Susanna Camusso (Cgil) sembra avere tutt’altra idea sulla proposta di Juncker e ha escluso il «salario minimo» perché danneggerebbe la contrattazione nazionale. Come lo spiega?Capisco la sua volontà di salvaguardare la dimensione contrattuale, ma la trasformazione strutturale che viviamo ci obbliga ad andare oltre questo orizzonte. Il tema capitale e ineludibile è il reddito universale di cittadinanza. Martedì 15 a Roma presentiamo il libro Reddito minimo garantito del Basic Income Network dove discuteremo anche le proposte di Tito Boeri e Pietro Garibaldi, persone tutt’altro che ascrivibili ad un’orizzonte estremista. Il reddito è uno strumento fondamentale per razionalizzare un sistema altamente disfunzionale e sgangherato come quello italiano sulle protezioni sociali. Nei primi giorni di governo l’aveva citato anche Elsa Fornero, poi ha abbandonato questa prospettiva.

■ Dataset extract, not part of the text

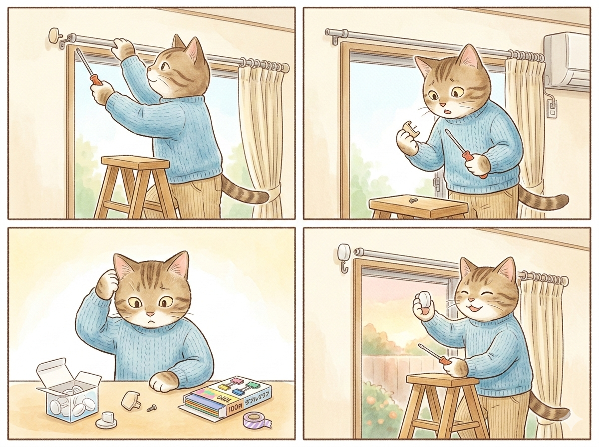 さて、長々とお話ししてきましたが、カーテンレールのエンドキャップという小さな部品ひとつにも、これだけのドラマとテクニックがあるんです。外し方の基本は「構造を知り、正しい道具で、慌てずに対処すること」。そして代用する際は「機能(ストッパー)を満たしつつ、住まいの条件(賃貸か持ち家か)に合わせること」が大切です。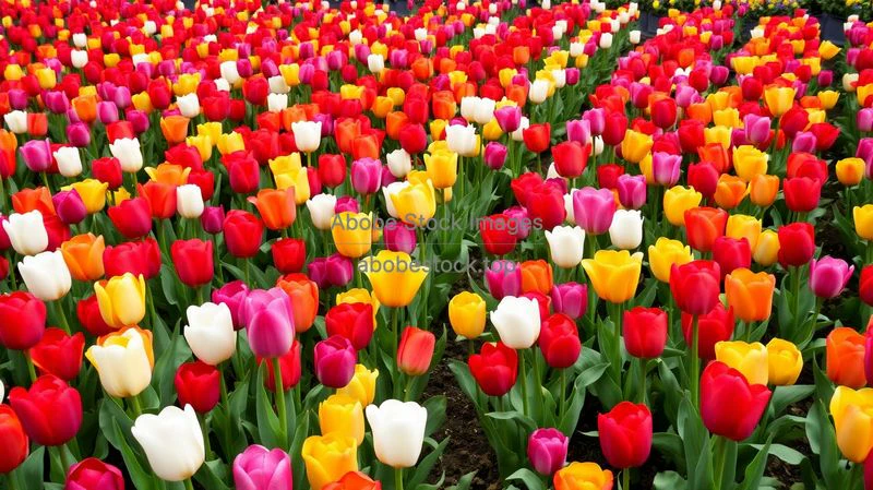 A vibrant tulip garden arranged in patterns

Di solito la sinistra e i sindacati considerano il reddito come un ammortizzatore sociale. Lei ritiene che sia un approccio corretto?Assolutamente no. Oggi non è più possibile considerarlo come uno tra i tanti ammortizzatori sociali perchè dobbiamo cominciare a lavorare sulla distribuzione delle risorse. L’idea degli ammortizzatori sociali riflette un modo di guardare al precariato come un problema sostanzialmente transitorio che l’intervento dei governanti farà rientrare in una situazione di normalità. Oggi non è più così e il reddito è una precondizione della cittadinanza, uno strumento per affermare la pienezza della vita di una persona. Riguarda anche i lavoratori che si trovano in difficoltà, ma è un diritto di tutti i cittadini.

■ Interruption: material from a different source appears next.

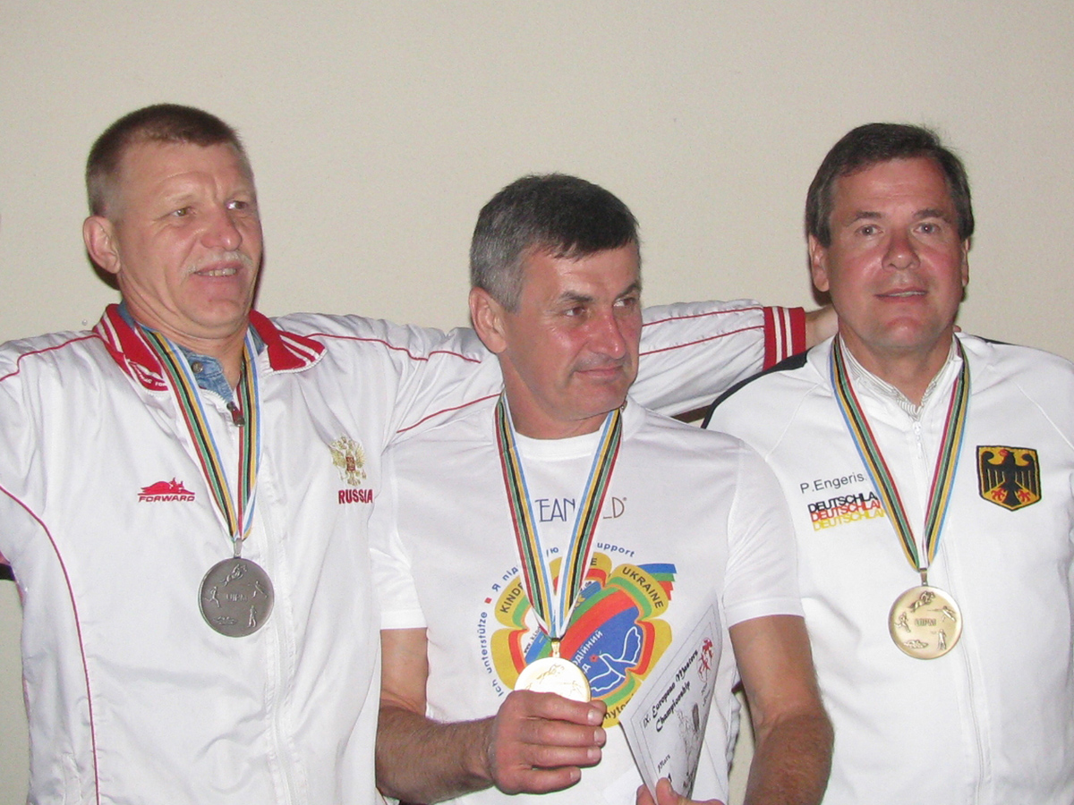 | Bei den Fünfkämpfern M50+ siegte Oleksandr Gospodynov aus der Ukraine (Mitte). Valeriy Filatov aus Russland (links) gewann Silber und Peter Engerisser vom SV Kronach (rechts) holte Bronze. |

Perchè forse allora c’era l’autunno caldo, la migliore cultura giuslavoristica con Giugni, Romagnoli, Mancini sostenne l’avanzata del movimento operaio. Oggi non è così…C’è una certa sordità del sindacato perché ritiene che gli strumenti acquisiti siano sufficienti per fronteggiare qualsiasi situazione. Ricordo che Romagnoli gli ha rivolto critiche molto severe quando abbiamo elaborato e firmato il referendum contro le modifiche all’articolo 18 e contro l’articolo 8. In generale trovo spaventoso constatare i guasti della progressiva emarginazione del dialogo con la cultura politica. E questo non accade solo nel mondo del lavoro.